LGRE Quick Update
Just a short note to say that I am back in Britain for a short time before my next trip and will endeavour to answer all emails/update life list and year list totals in the next few days. Not for the first time this year have trips cost me some excellent county ticks – this time in the form of Roseate Tern and Eurasian Spoonbill in Bedfordshire.

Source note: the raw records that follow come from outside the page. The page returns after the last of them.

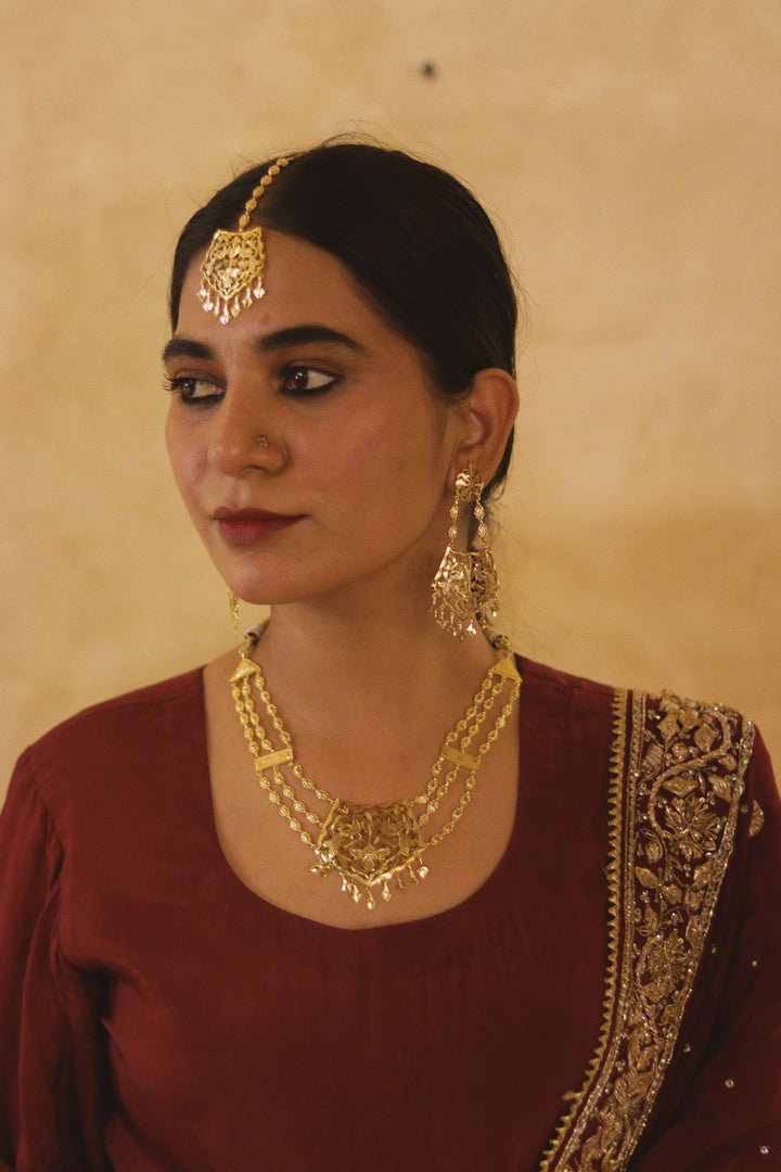 Book Video ConsultationThis piece is handcrafted in 92.5 silver and coated with 24 karat gold. If you wish to get it customized in gold, kindly drop us a message on whatsapp for a quotation.
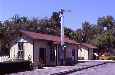 A replica of the Santa Fe Springs station and hand car/tool shed. From there, we made our way to Industry and to a location to photograph the westbound Santa Fe 3751. Other than one railfan who drove there to check out the location, we were only visited by a security guard who kept his distance.
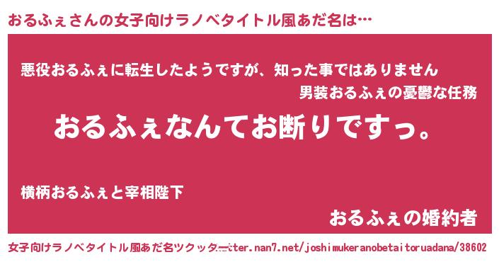 | 男性向けラノベタイトル風あだ名 | 『魔法科高校のおるふぇ』 |
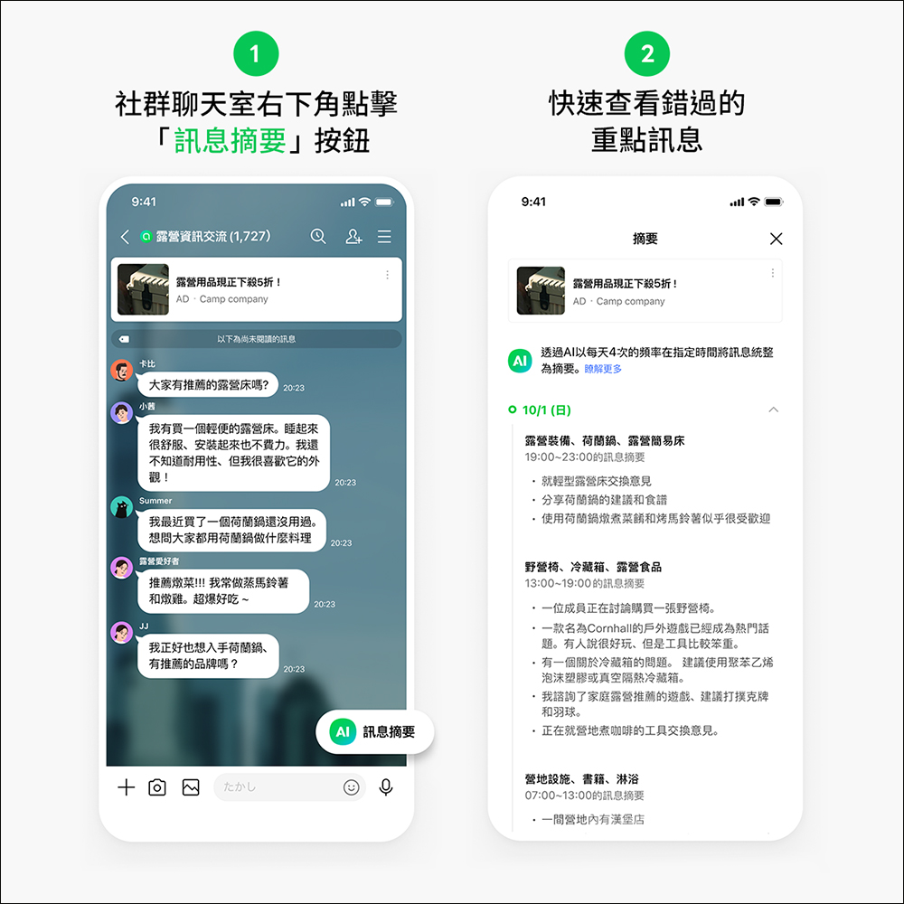 LINE 社群成員擁有數千人,擔心工作忙碌後,打開社群就有讀不完的訊息、從此跟不上社群的話題嗎?最近,LINE 社群「訊息摘要」新功能上線囉!透過 AI 幫用戶總結 LINE 社群聊天室訊息、自動在特定時間進行摘要,讓大家不錯過聊天室的討論話題,這功能將陸續在 LINE 社群開放。
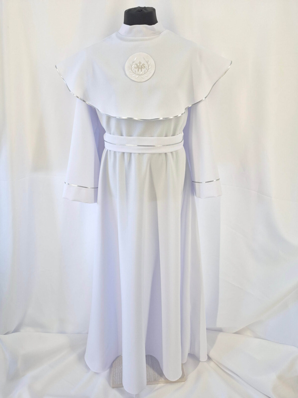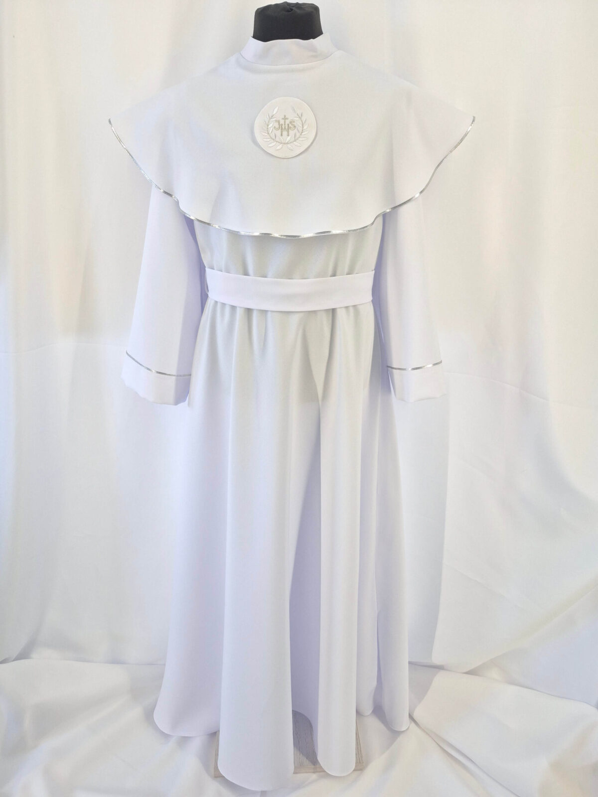 Alba sukienkowa to model ponadczasowy dla dziewczynek. Jest to model uszyty z odcięciem w pasie marszczonym gumką dla lepszego dopasowania oraz kołnierzem obszytym eleganckim zdobieniem i emblematem. To samo obszycie występuje na rękawach. Wykończenie alby stanowi pasek w zależności od Państwa wyboru.
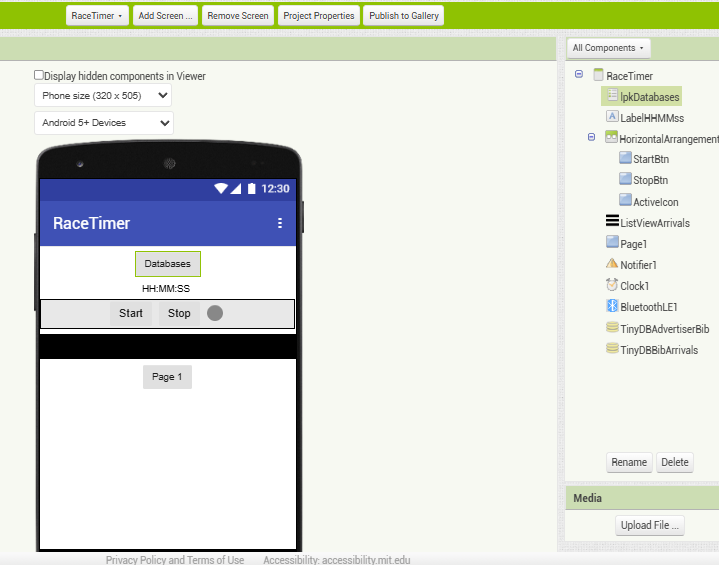I copied over from Screen1 the TinyDB instance that stores the bib number values for device tags.
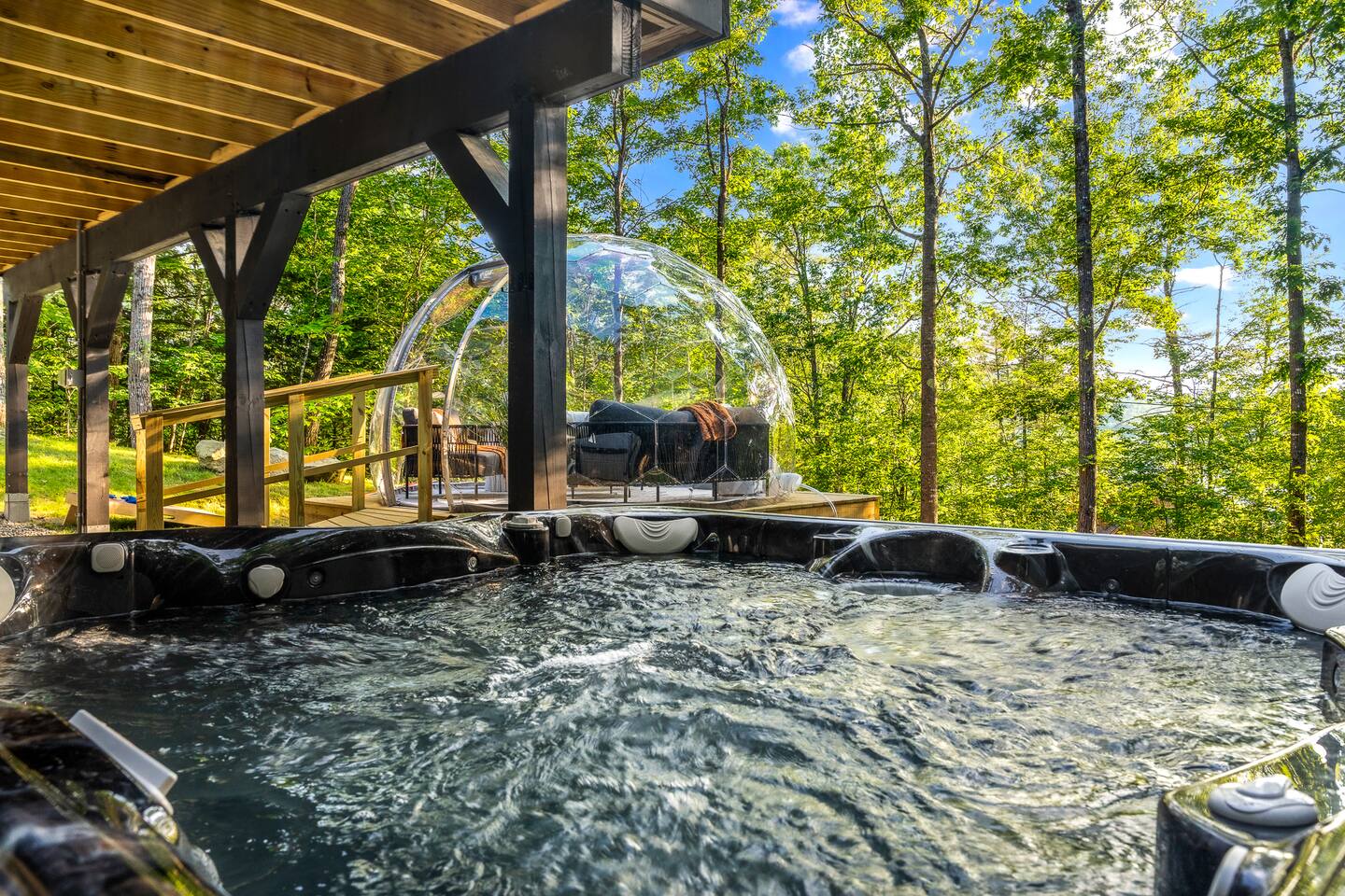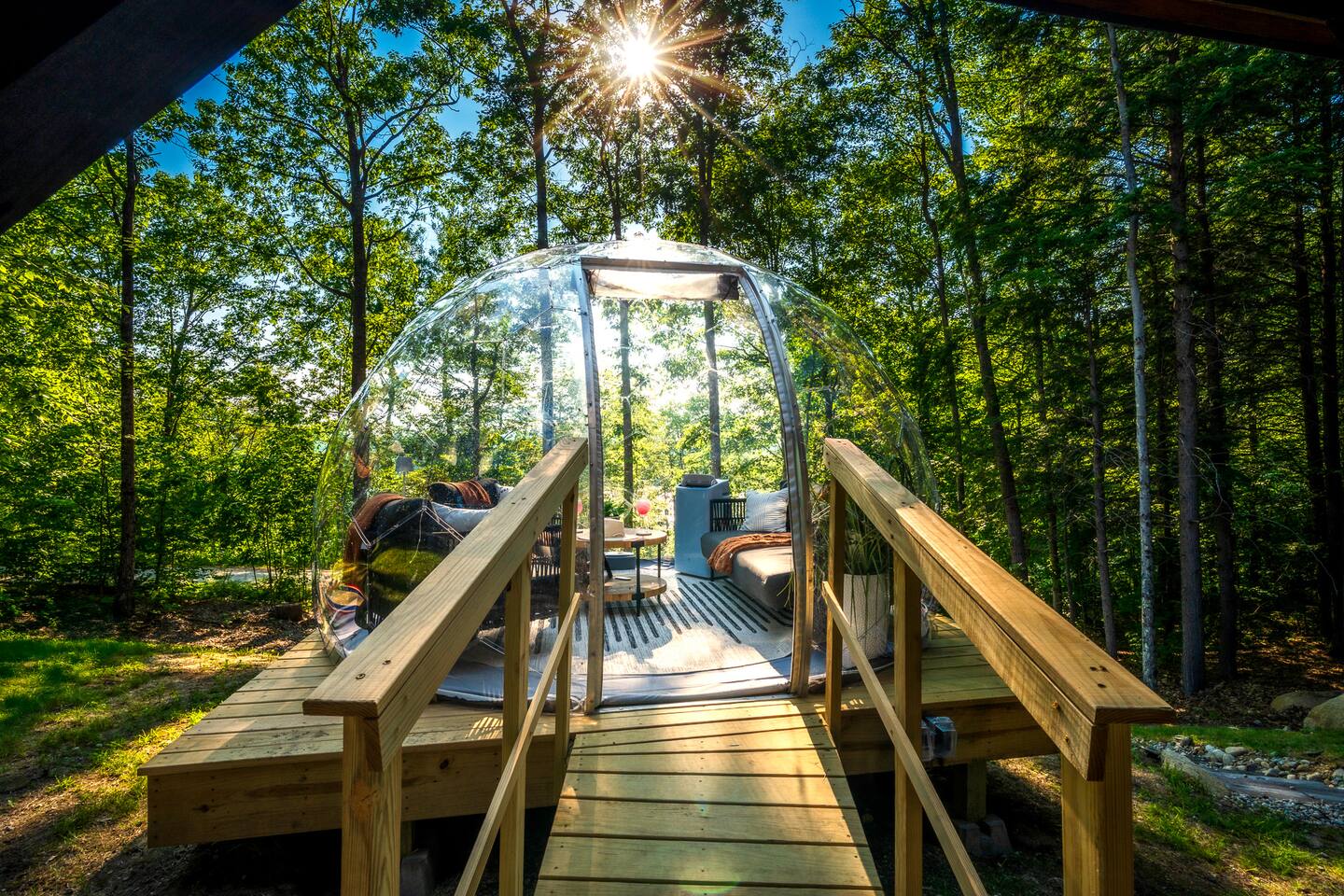 Experience the joy of bringing indoor living outside in our cozy, all-season outdoor dome. With stunning views, enjoy drinks with friends, play games, or groove to music on the Bluetooth speaker. Views and a tranquil vibe complete this unforgettable escape.
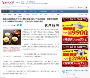 お茶に含まれるカテキン類に新型コロナ不活化効果 京都府立医科大学と伊藤園が共同研究 試験管内の実験で確認。詳しくは飛んでみてね~!
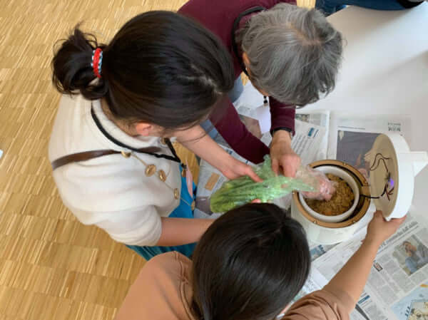 わたしたちはこの木桶版Nukabotを、2019年4月にヒラクさんが東京で開催した展示(*2)で初めて公開した。来場者の反応は、ミラノの時とは明らかに違っていた。それは糠床が日本人にとって身近なものだからという理由だけではない。
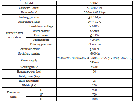 VTP-5(300 liters per hour) Single Stage Vacuum Transformer Oil Purifier is mainly used to separate impurities, dehydration, degasification and improve the quality of used transformer oils. It mainly adopts vacuum purification principle, Italian three-dimensional flash technology, thin film evaporation technology and multi-stage precision filtration, so that the Vacuum Transformer Oil Filtration Machine can remove the water, impurities, gas and other harmful substances from oil and reach new oil standards. This Transformer Oil Filtration Machine also has the functions of oil pumping, oiling, vacuum drying, hot oil circulation filtering etc.
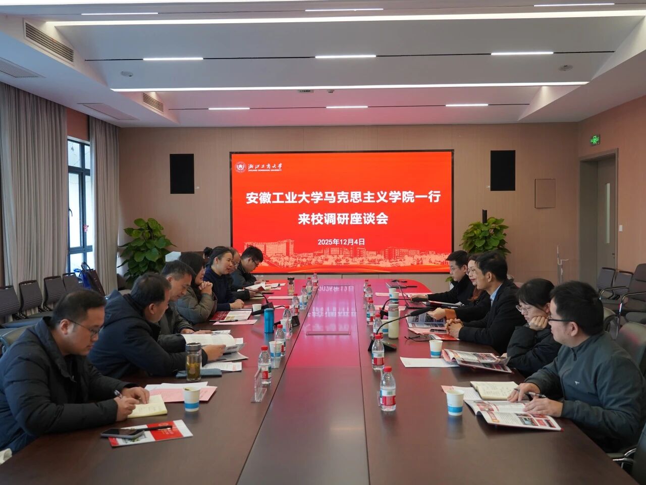 12月4日,安徽工业大学马克思主义学院党委书记徐惠、院长郑洁一行来我院开展调研交流。座谈会在E412会议室举行,我院院长李梦云、副院长于希勇、党委副书记吴太贵及部分教研部相关负责人参加会议,会议由李梦云主持。
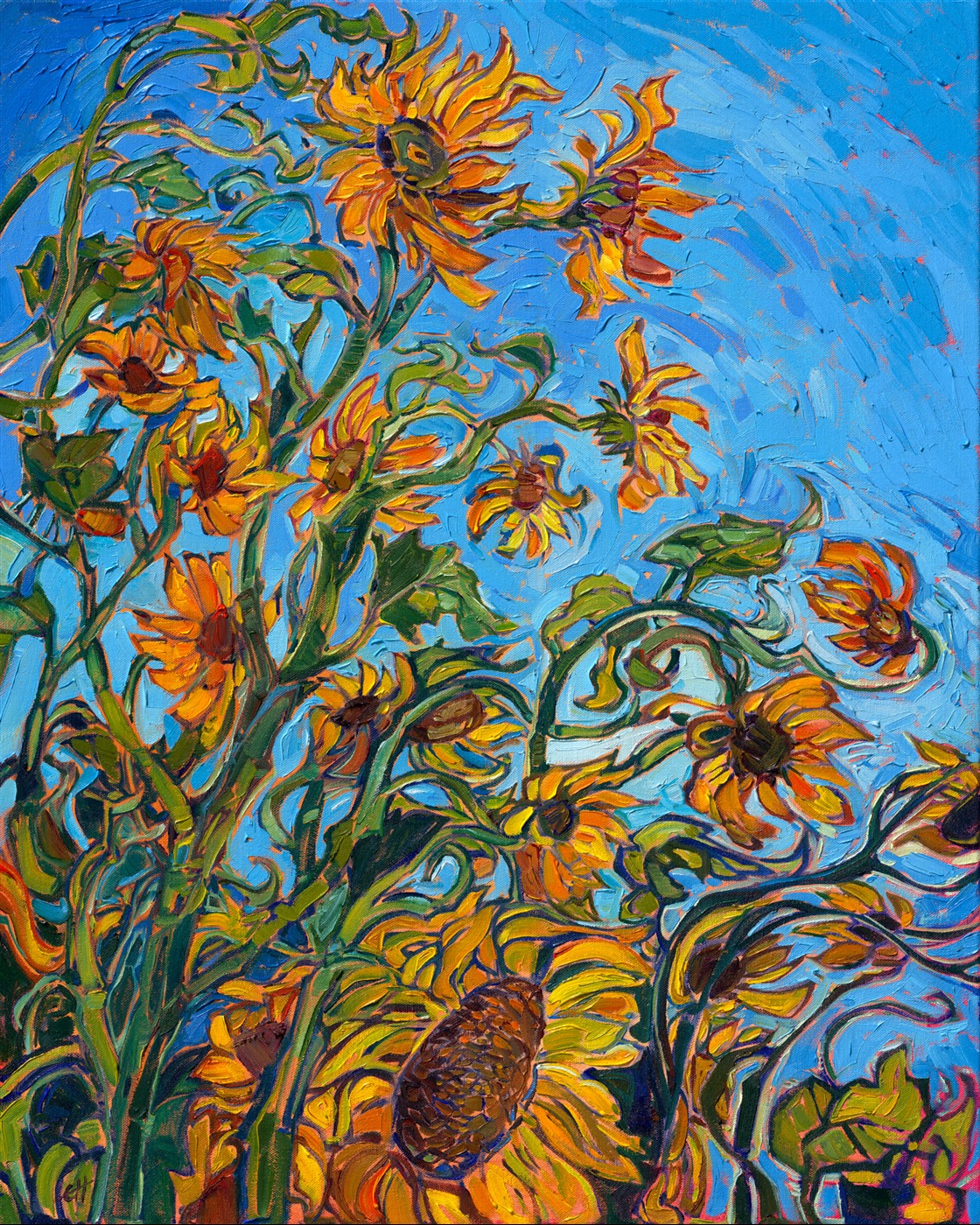 Erin devoted three years to perfecting the technology of 3D art printing in a quest to create a fine art print that captured her vibrant colors and reproduced the texture crucial to her artistic vision. The rhythms of texture in her luscious, impasto oil paintings communicate the movement and joy she finds in nature.

Scandinavia this year has been particularly difficult, so my 10-day trip there yielded mixed results. It has been a total failure this year on Lemmings and Voles, so many species were in very short supply. The highlight of course was a displaying male SWINHOE’S SNIPE on the Finland/Russia border, only the second record for the Western Palearctic and a new WP bird for me. Second to that was my first-ever WOLVERINE – a very difficult mammal to see.
In terms of owls, GREAT GREY and NORTHERN HAWK were readily seen, and a cute family of 4 fledgling TENGMALM’S still in the nest (one of only 7 nests in one district of Sweden this year) but both Ural and Pygmy Owls had fledged the day before we arrived. Woodpeckers were all missed, as were all 8 singing male Arctic Warblers and numerous River Warblers (the latter had all stopped singing).
A family of RED-FLANKED BLUETAILS was seen (some 32 singing males located in Finland this spring), along with BLYTH’S REED WARBLER and BOOTED WARBLER (we found a nest of the latter). Good numbers of HAZLEHENS were seen (in family groups), many COMMON CRANES, a singing male SAVI’S WARBLER, large numbers of calling CORNCRAKES and some excellent HONEY BUZZARDS. Both RUSTIC and LITTLE BUNTINGS were typically hard to find, but both SIBERIAN JAY and SIBERIAN TIT easier than usual (3 ringed adults of the latter were feeding 9 young in a nestbox at one location).
In the High Arctic, highlights included a fabulous male PINE GROSBEAK on a hotel bird feeder, GYRFALCON, STELLER’S and KING EIDERS, WHITE-BILLED DIVER, many WHITE-TAILED SEA EAGLES, LONG-TAILED SKUAS and my best-ever views of ‘summer’ BRUNNICH’S GUILLEMOTS.